### WORK INSTRUCTION
Exactly and only the lines from the line holding "Tilpums 300 ml." to the end of the records should be reproduced. Leave pictures out.

### EXTRACTED RECORDS
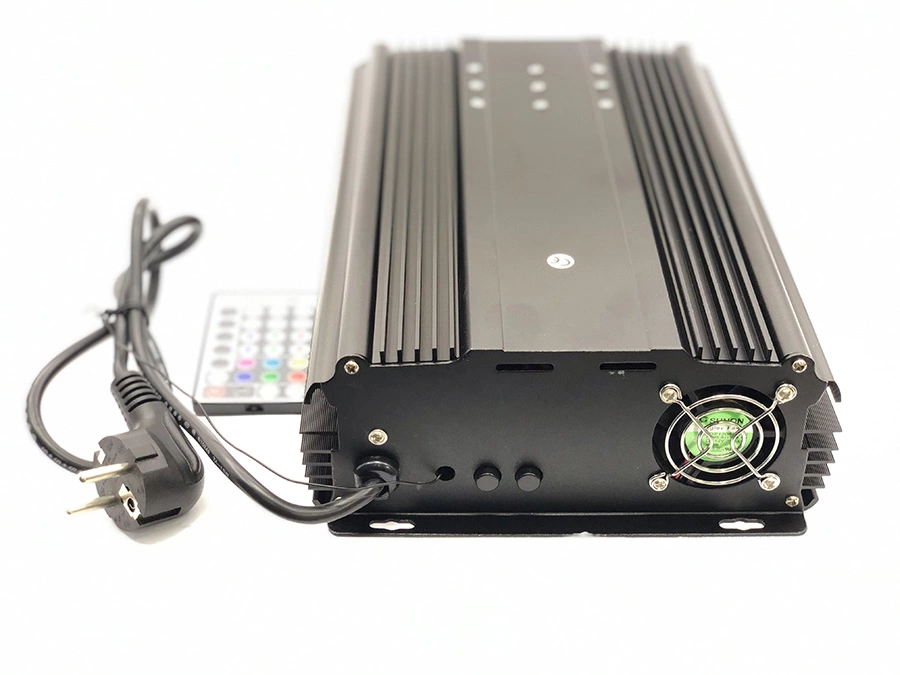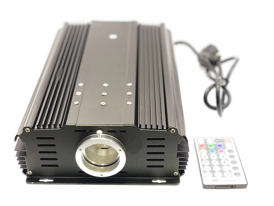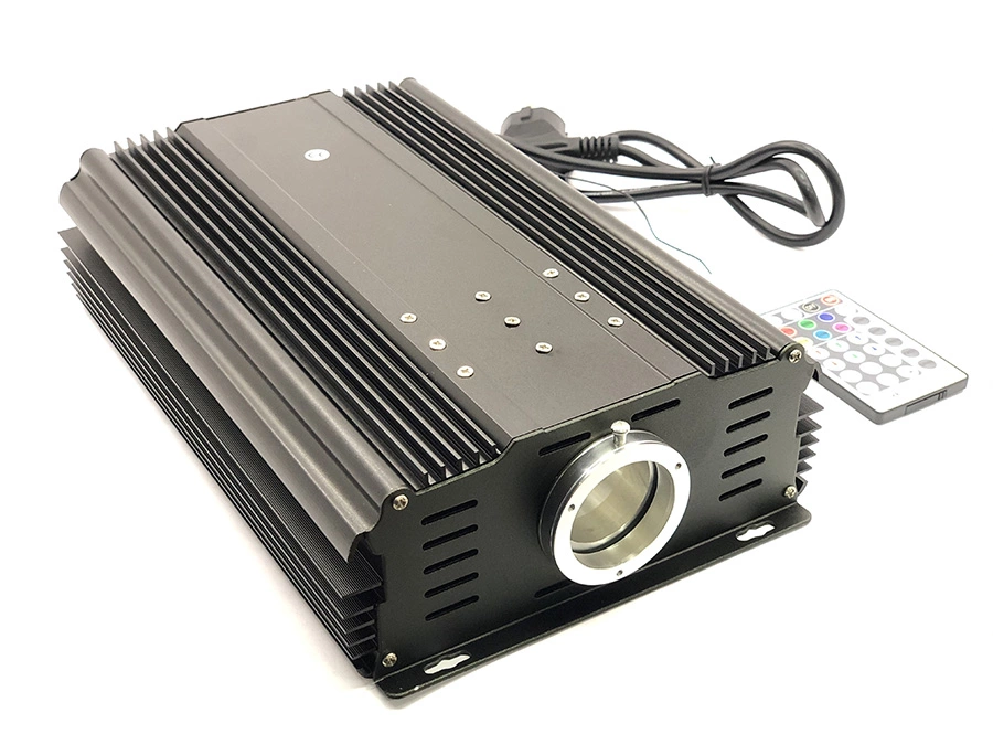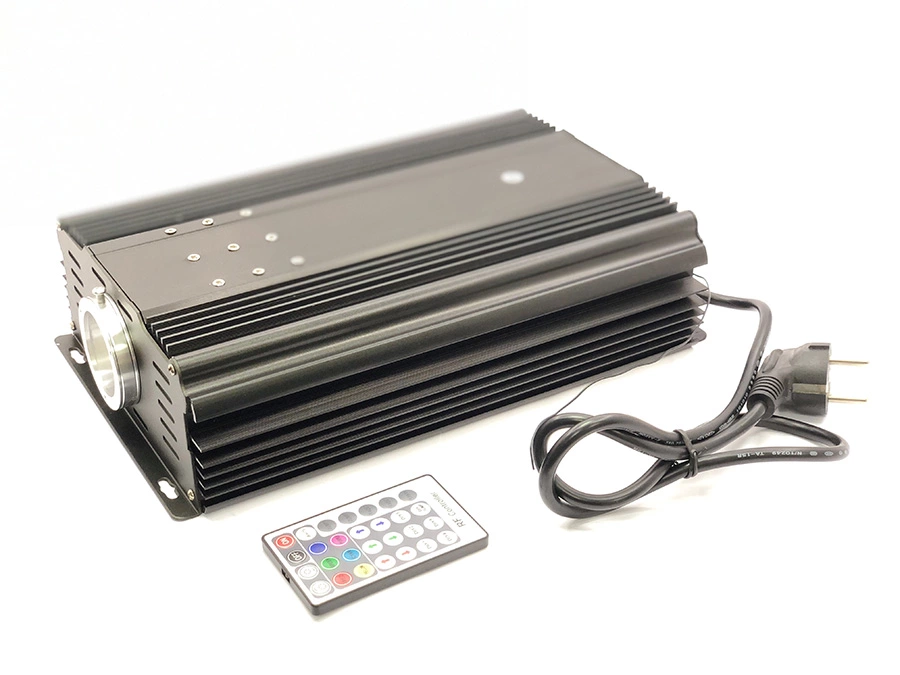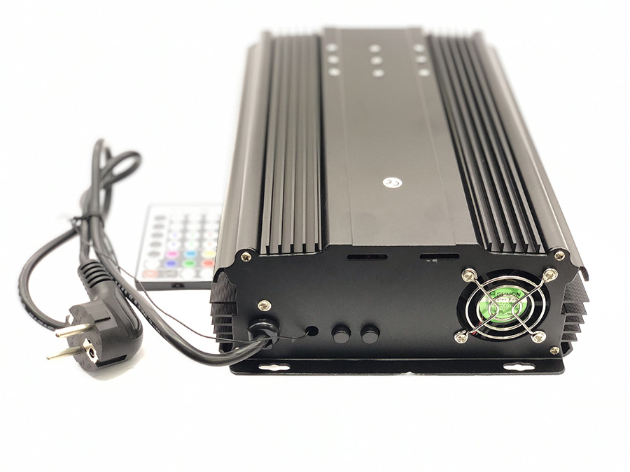 Cветогенератор для оптоволокна 75W LED RGBW имеет возможность менять цветовую гамму по вашему вкусу и желанию. Переключение цвета, изменение яркости свечения и другие функции возможны благодаря дистанционному пульту управления что прилагается в комплекте.
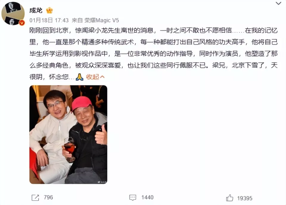 因为就在1月13号,也就是他去世的前一天,还有网友分享了与梁小龙的合照。
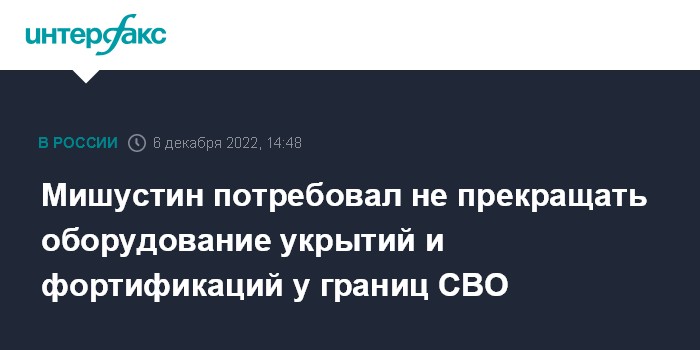 Москва. 6 декабря. INTERFAX.RU - В зоне проведения СВО и у ее границ даже зимой не должно прекращаться восстановление инфраструктуры и строительство укреплений, заявил на заседании координационного совета при правительстве по обеспечению нужд армии премьер-министр Михаил Мишустин.
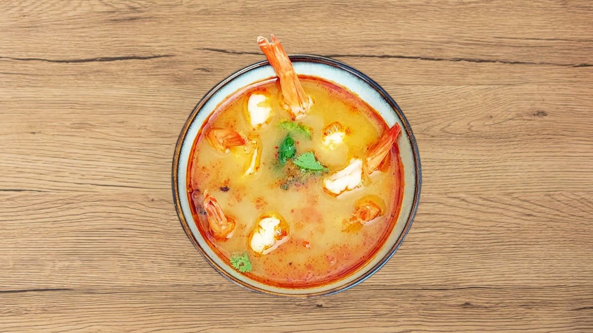 Tilpums 300 ml. Tradicionālā Taizemes Tom Yum zupa. Sēnes, paprika, sīpoli, tomāti, kokospiens, kinza. Attēli ir orientējoši un tikai ilustratīviem nolūkiem. Iepakojums ir iekļauts ēdiena cenā.
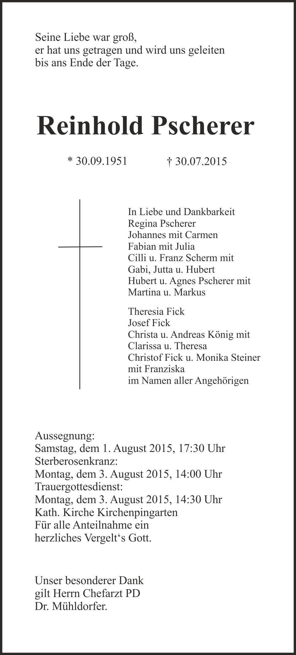 Rosenkranz am Montag, den 03.08.2015 um 14.00 Uhr in der katholischen Pfarrkirche Kirchenpingarten, Requiem um 14.30 Uhr, anschließend Beerdigung. Für alle Anteilnahme herzlichen Dank
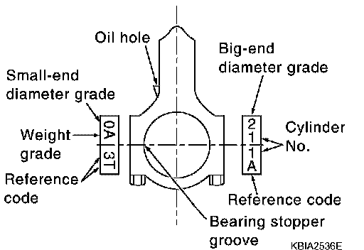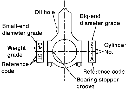 NOTE: The connecting rod small end grade and piston pin hole (piston pin) grade are provided only for the parts installed at the plant. For service parts, no grades can be selected. (Only 0 grade is available.)
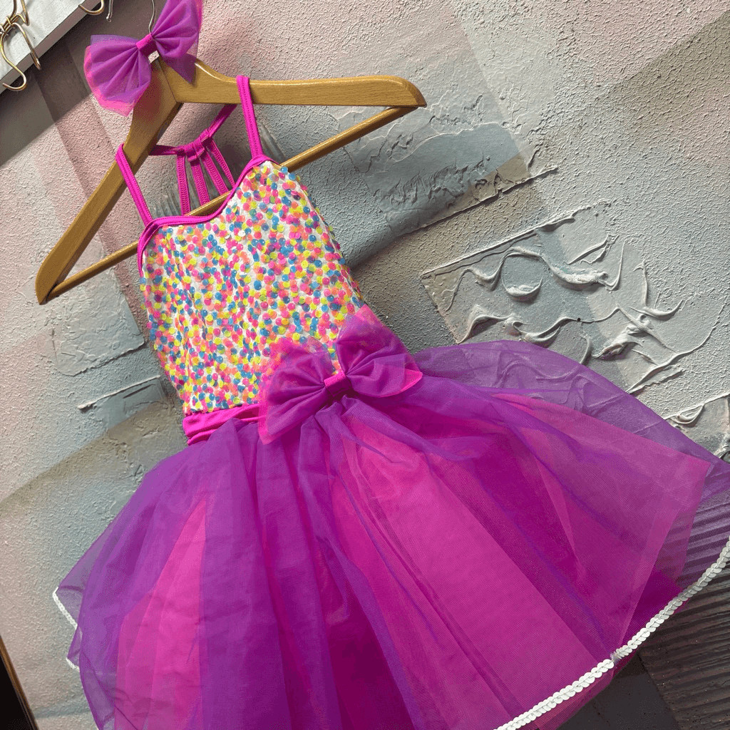Weissman Showtime Confetti Sequin Dance Costume 17153 Ballet Tap Jazz Tutu Bow
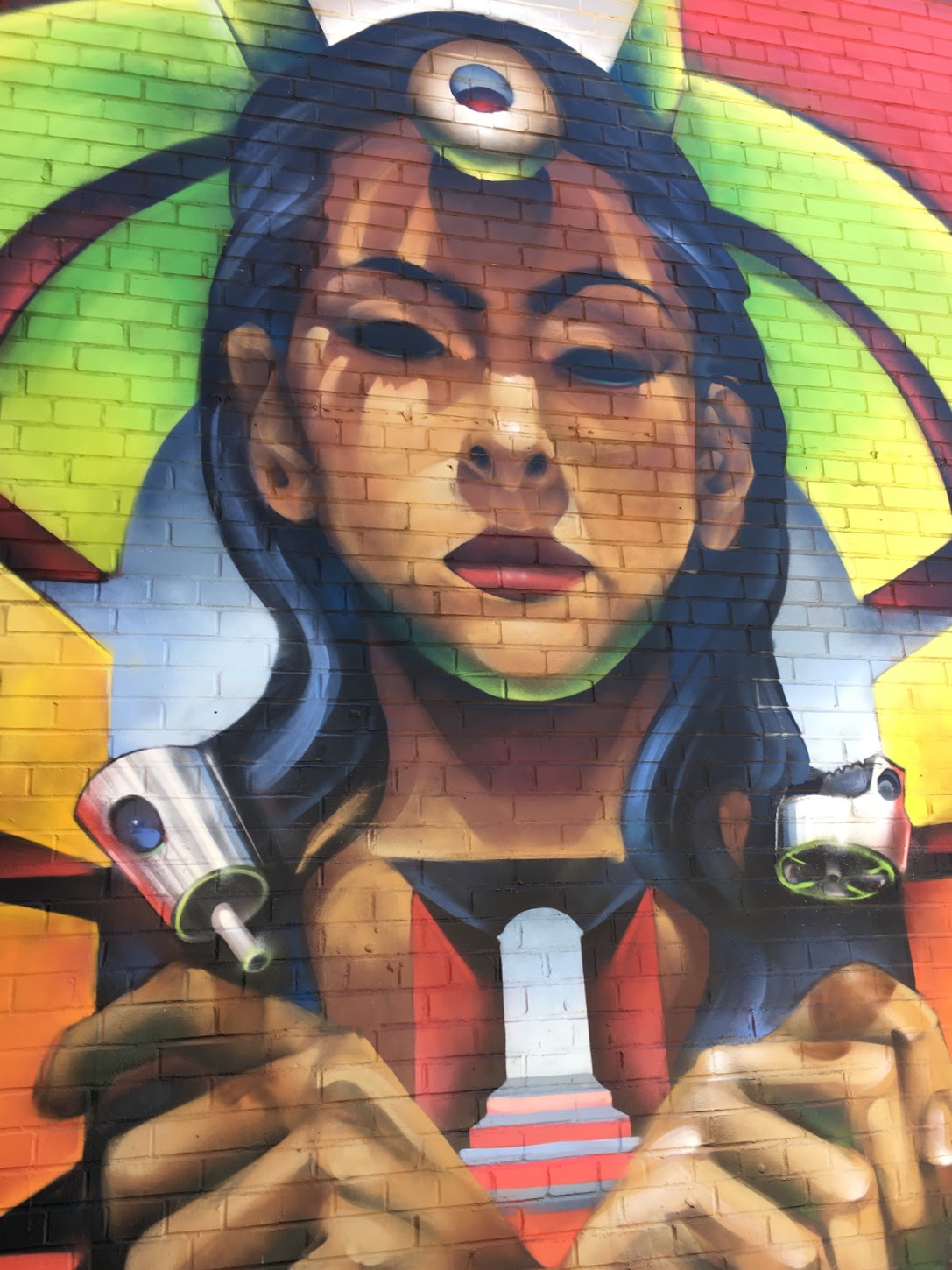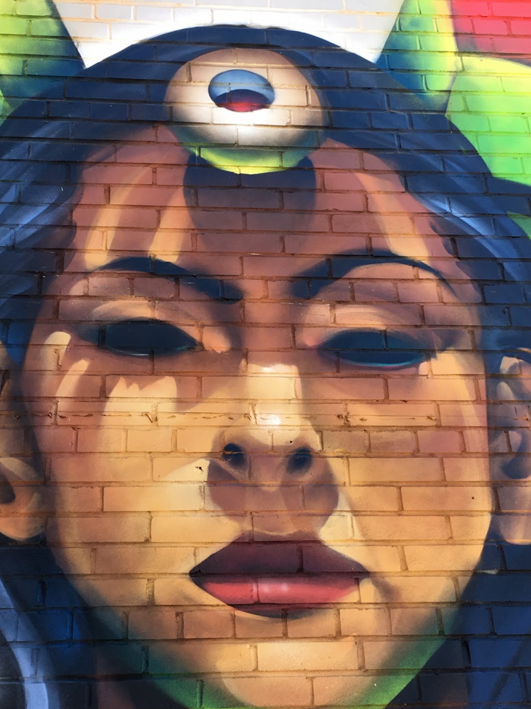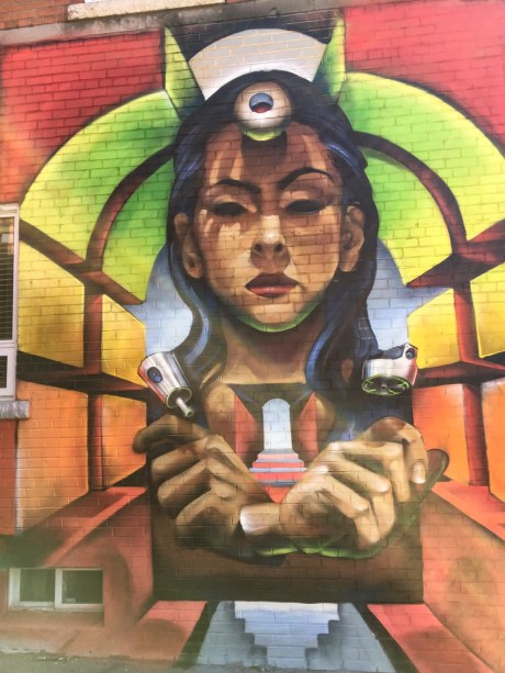 Recently, I bumped into the mural on Instagram. I followed the links, and it turns out it is a graffiti remix of Dali’s painting of “Madonna of Port Lligat”.

### RESPONSE AREA
 Tilpums 300 ml. Tradicionālā Taizemes Tom Yum zupa. Sēnes, paprika, sīpoli, tomāti, kokospiens, kinza. Attēli ir orientējoši un tikai ilustratīviem nolūkiem. Iepakojums ir iekļauts ēdiena cenā.
 Rosenkranz am Montag, den 03.08.2015 um 14.00 Uhr in der katholischen Pfarrkirche Kirchenpingarten, Requiem um 14.30 Uhr, anschließend Beerdigung. Für alle Anteilnahme herzlichen Dank
 NOTE: The connecting rod small end grade and piston pin hole (piston pin) grade are provided only for the parts installed at the plant. For service parts, no grades can be selected. (Only 0 grade is available.)
Weissman Showtime Confetti Sequin Dance Costume 17153 Ballet Tap Jazz Tutu Bow
 Recently, I bumped into the mural on Instagram. I followed the links, and it turns out it is a graffiti remix of Dali’s painting of “Madonna of Port Lligat”.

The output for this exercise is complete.